*Dataset items*
[Start of Attachment]

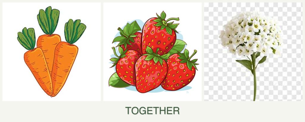 Planting carrots, strawberries, and alyssum together offers several benefits:
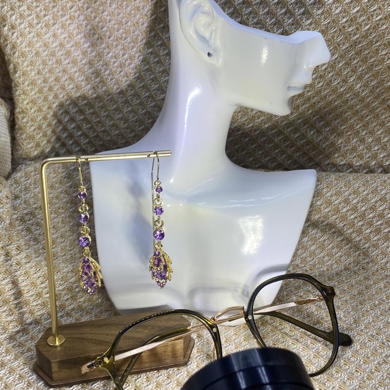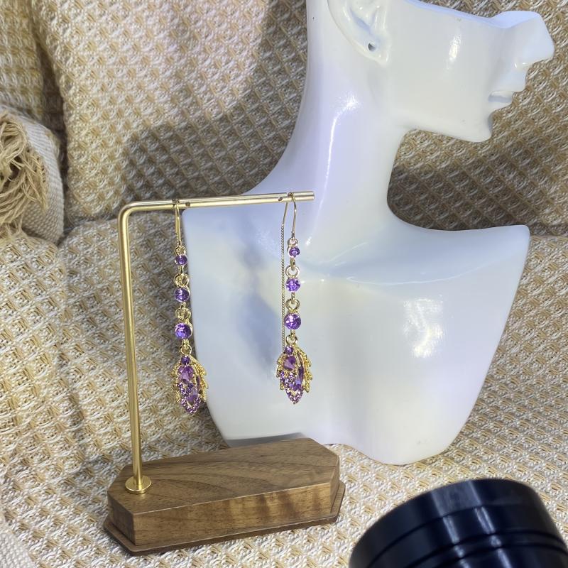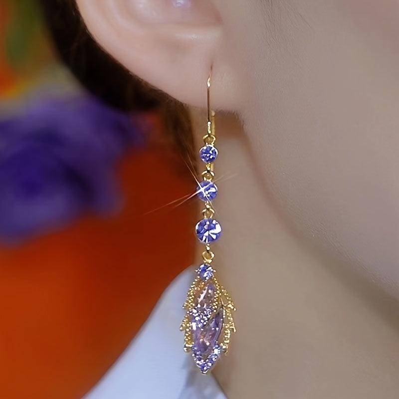 Elegant light alloy dangle earrings perfect for parties and formal events. Features purple rhinestone leaves and clear gemstones for a glamorous touch.
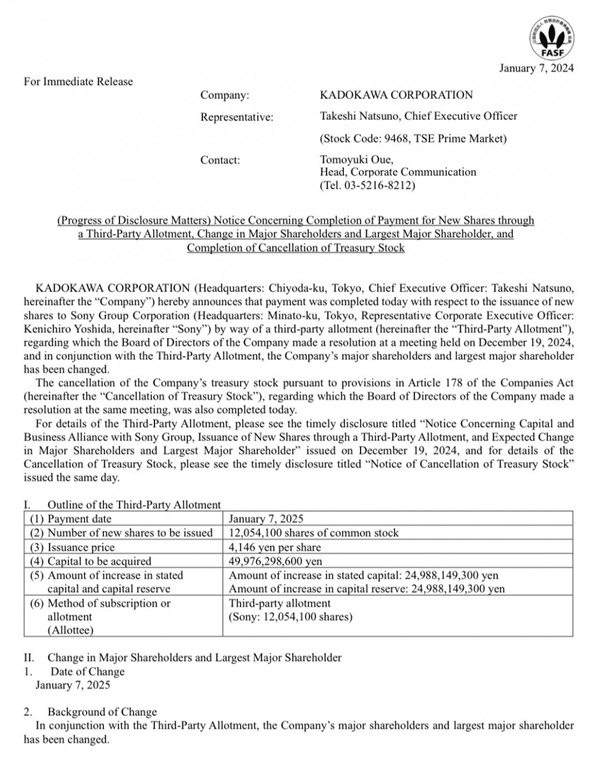 “角川株式会社特此宣布,关于公司董事会于2024年12月19日召开会议时做出决议的通过第三方配售方式向索尼集团公司发行新股一事,今天已完成支付。伴随此次定向增发,公司的主要股东和最大股东已发生变更。”
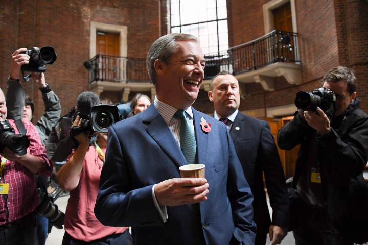 Brexit Party leader Nigel Farage says he won’t run in next month’s U.K. electionBoris Johnson's Conservatives are leading in the polls, but with the country still starkly divided over Brexit, the outcome is highly unpredictable.PoliticsNov 3, 2019
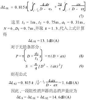 式中ΔL 0 ———沒有氣流時的消聲值,dB
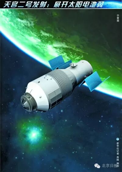 天宫二号展开太阳电池翼。
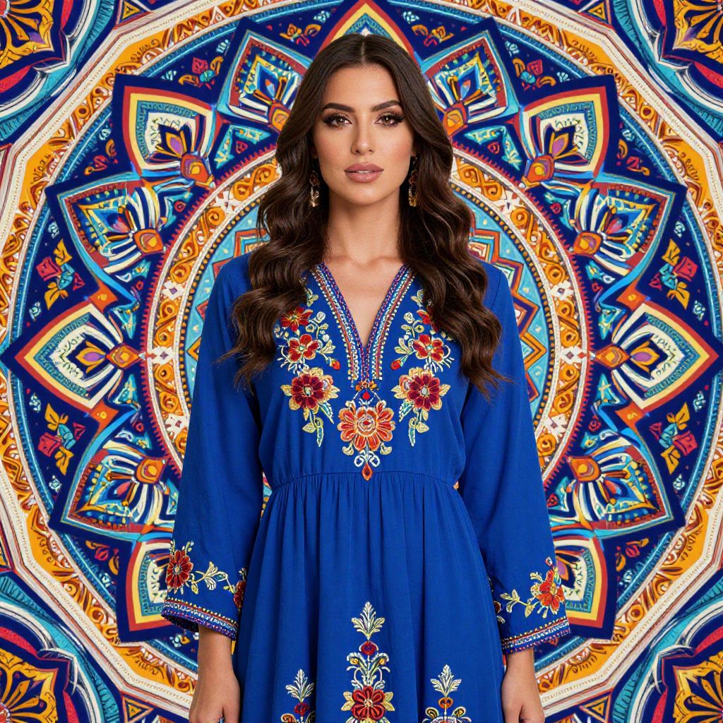 Photograph of a young woman with long, wavy dark brown hair and fair skin, wearing a vibrant blue, embroidered dress with floral patterns in red, orange, and white. She has red and blue dangling earrings. The background features a colorful, symmetrical mandala design with blue, red, orange, and white geometric patterns, creating a vivid, bohemian aesthetic. The woman stands centered, looking directly at the camera with a neutral expression. The image exudes a cultural, artistic vibe with rich, saturated colors and intricate details.

[End of Attachment]

*WHAT IS EXPECTED*
Only the words belong in your copy: restate the data above exactly and leave the images out.

*RESPONSE BOX*
 Planting carrots, strawberries, and alyssum together offers several benefits:
 Elegant light alloy dangle earrings perfect for parties and formal events. Features purple rhinestone leaves and clear gemstones for a glamorous touch.
 “角川株式会社特此宣布,关于公司董事会于2024年12月19日召开会议时做出决议的通过第三方配售方式向索尼集团公司发行新股一事,今天已完成支付。伴随此次定向增发,公司的主要股东和最大股东已发生变更。”
 Brexit Party leader Nigel Farage says he won’t run in next month’s U.K. electionBoris Johnson's Conservatives are leading in the polls, but with the country still starkly divided over Brexit, the outcome is highly unpredictable.PoliticsNov 3, 2019
 式中ΔL 0 ———沒有氣流時的消聲值,dB
 天宫二号展开太阳电池翼。
 Photograph of a young woman with long, wavy dark brown hair and fair skin, wearing a vibrant blue, embroidered dress with floral patterns in red, orange, and white. She has red and blue dangling earrings. The background features a colorful, symmetrical mandala design with blue, red, orange, and white geometric patterns, creating a vivid, bohemian aesthetic. The woman stands centered, looking directly at the camera with a neutral expression. The image exudes a cultural, artistic vibe with rich, saturated colors and intricate details.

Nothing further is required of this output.